Available data =
BEGIN

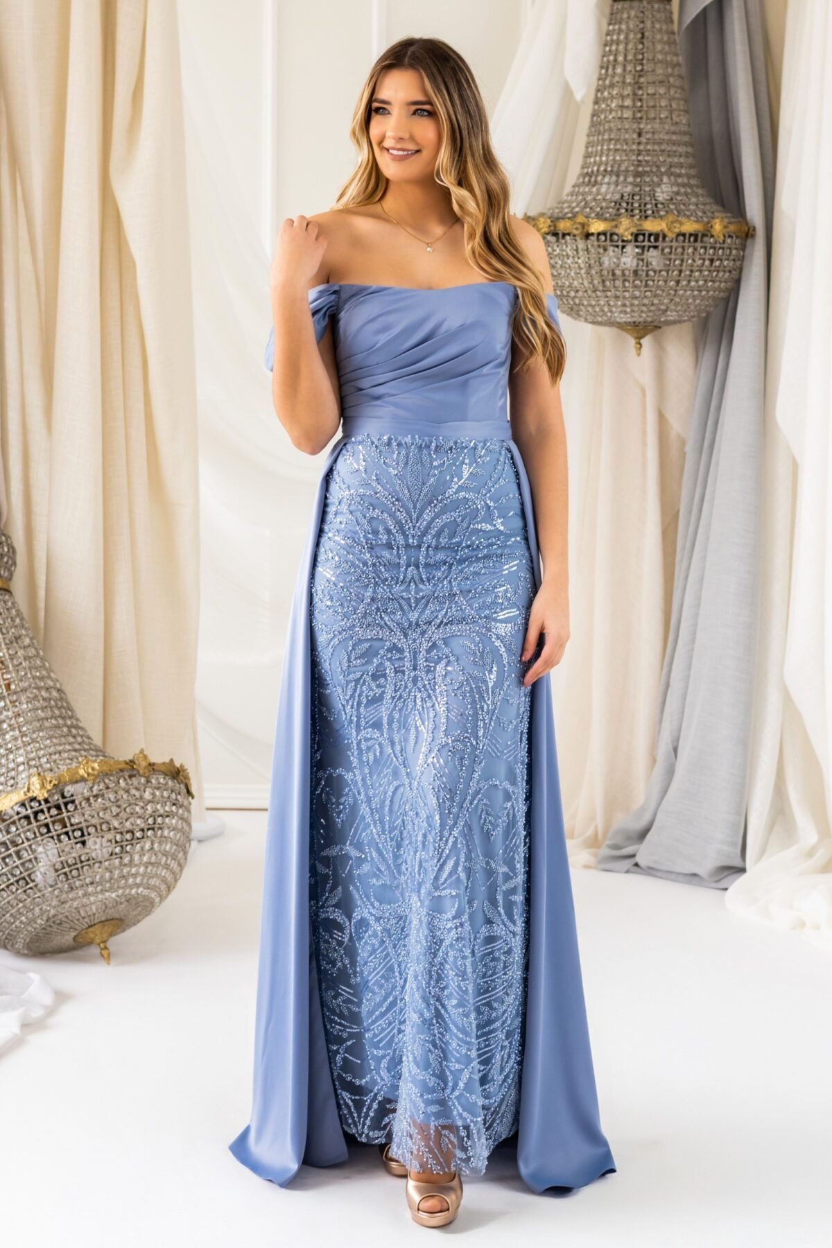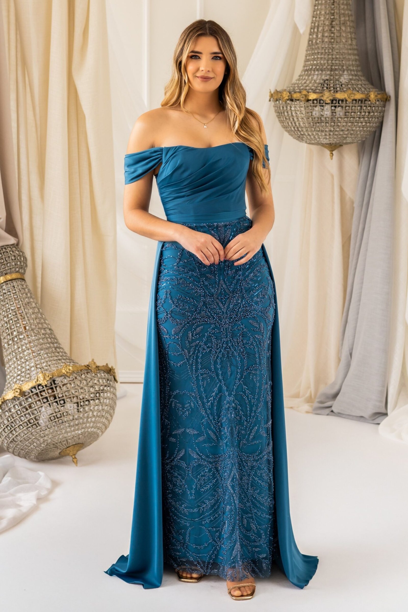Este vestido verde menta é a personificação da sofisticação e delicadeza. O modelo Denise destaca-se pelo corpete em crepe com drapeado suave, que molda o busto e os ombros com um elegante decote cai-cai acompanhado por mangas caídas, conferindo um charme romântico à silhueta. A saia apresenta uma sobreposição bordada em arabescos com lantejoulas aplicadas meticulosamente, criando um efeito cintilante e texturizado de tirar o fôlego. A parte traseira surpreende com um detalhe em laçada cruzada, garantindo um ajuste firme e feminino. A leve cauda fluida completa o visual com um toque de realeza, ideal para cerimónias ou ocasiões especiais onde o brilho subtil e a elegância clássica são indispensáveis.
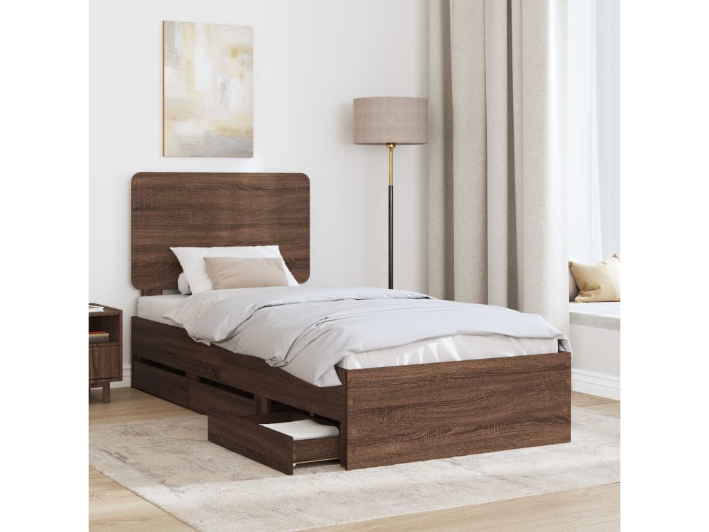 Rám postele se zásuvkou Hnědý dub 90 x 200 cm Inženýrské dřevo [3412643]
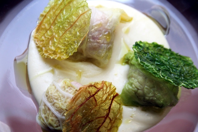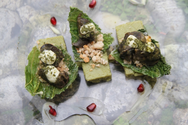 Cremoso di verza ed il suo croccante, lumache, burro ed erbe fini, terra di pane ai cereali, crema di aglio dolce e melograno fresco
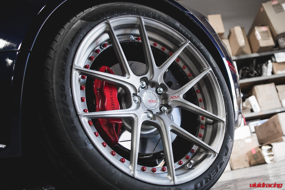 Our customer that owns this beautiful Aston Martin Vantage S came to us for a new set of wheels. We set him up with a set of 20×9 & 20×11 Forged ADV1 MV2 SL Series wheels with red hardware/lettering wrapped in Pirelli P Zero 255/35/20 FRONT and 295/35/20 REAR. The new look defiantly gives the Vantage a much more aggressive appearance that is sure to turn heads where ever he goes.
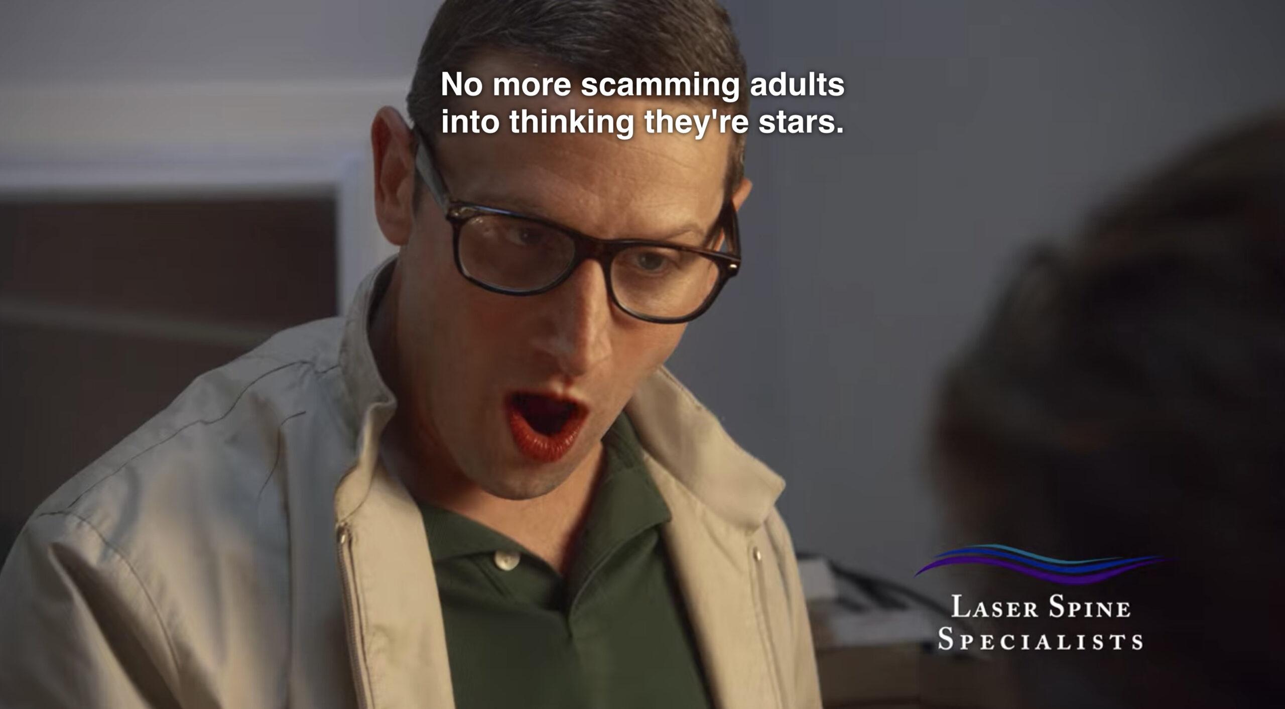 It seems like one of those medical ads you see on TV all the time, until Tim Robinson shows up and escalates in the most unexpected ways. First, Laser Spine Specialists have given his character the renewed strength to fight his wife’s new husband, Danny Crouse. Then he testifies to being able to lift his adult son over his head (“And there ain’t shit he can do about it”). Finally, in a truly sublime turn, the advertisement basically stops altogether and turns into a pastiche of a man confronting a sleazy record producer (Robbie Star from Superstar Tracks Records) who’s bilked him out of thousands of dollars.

END
BEGIN

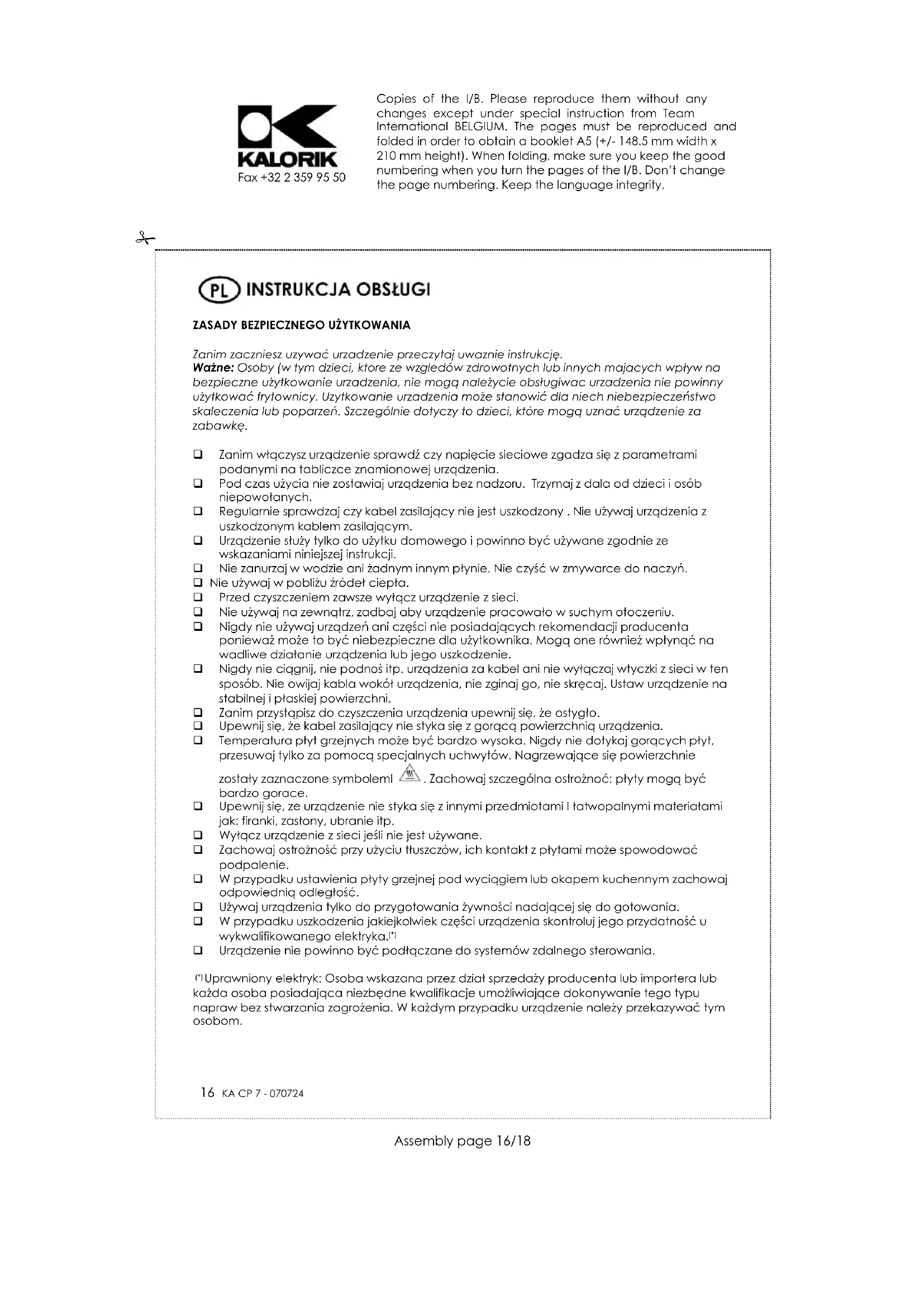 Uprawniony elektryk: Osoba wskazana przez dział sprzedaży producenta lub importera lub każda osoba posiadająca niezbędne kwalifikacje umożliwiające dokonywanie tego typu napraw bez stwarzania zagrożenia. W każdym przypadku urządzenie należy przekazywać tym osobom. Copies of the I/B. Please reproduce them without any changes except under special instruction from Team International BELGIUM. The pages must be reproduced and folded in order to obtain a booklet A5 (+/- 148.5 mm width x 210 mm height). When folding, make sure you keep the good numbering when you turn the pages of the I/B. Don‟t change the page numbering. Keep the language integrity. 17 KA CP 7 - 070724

END

Problem to solve =
Restate word for word the lines of the data above that begin at the line with "Rám postele se" and end at the line with "It seems like", keeping both ends and dropping every picture.

Exercise output =
 Rám postele se zásuvkou Hnědý dub 90 x 200 cm Inženýrské dřevo [3412643]
 Cremoso di verza ed il suo croccante, lumache, burro ed erbe fini, terra di pane ai cereali, crema di aglio dolce e melograno fresco
 Our customer that owns this beautiful Aston Martin Vantage S came to us for a new set of wheels. We set him up with a set of 20×9 & 20×11 Forged ADV1 MV2 SL Series wheels with red hardware/lettering wrapped in Pirelli P Zero 255/35/20 FRONT and 295/35/20 REAR. The new look defiantly gives the Vantage a much more aggressive appearance that is sure to turn heads where ever he goes.
 It seems like one of those medical ads you see on TV all the time, until Tim Robinson shows up and escalates in the most unexpected ways. First, Laser Spine Specialists have given his character the renewed strength to fight his wife’s new husband, Danny Crouse. Then he testifies to being able to lift his adult son over his head (“And there ain’t shit he can do about it”). Finally, in a truly sublime turn, the advertisement basically stops altogether and turns into a pastiche of a man confronting a sleazy record producer (Robbie Star from Superstar Tracks Records) who’s bilked him out of thousands of dollars.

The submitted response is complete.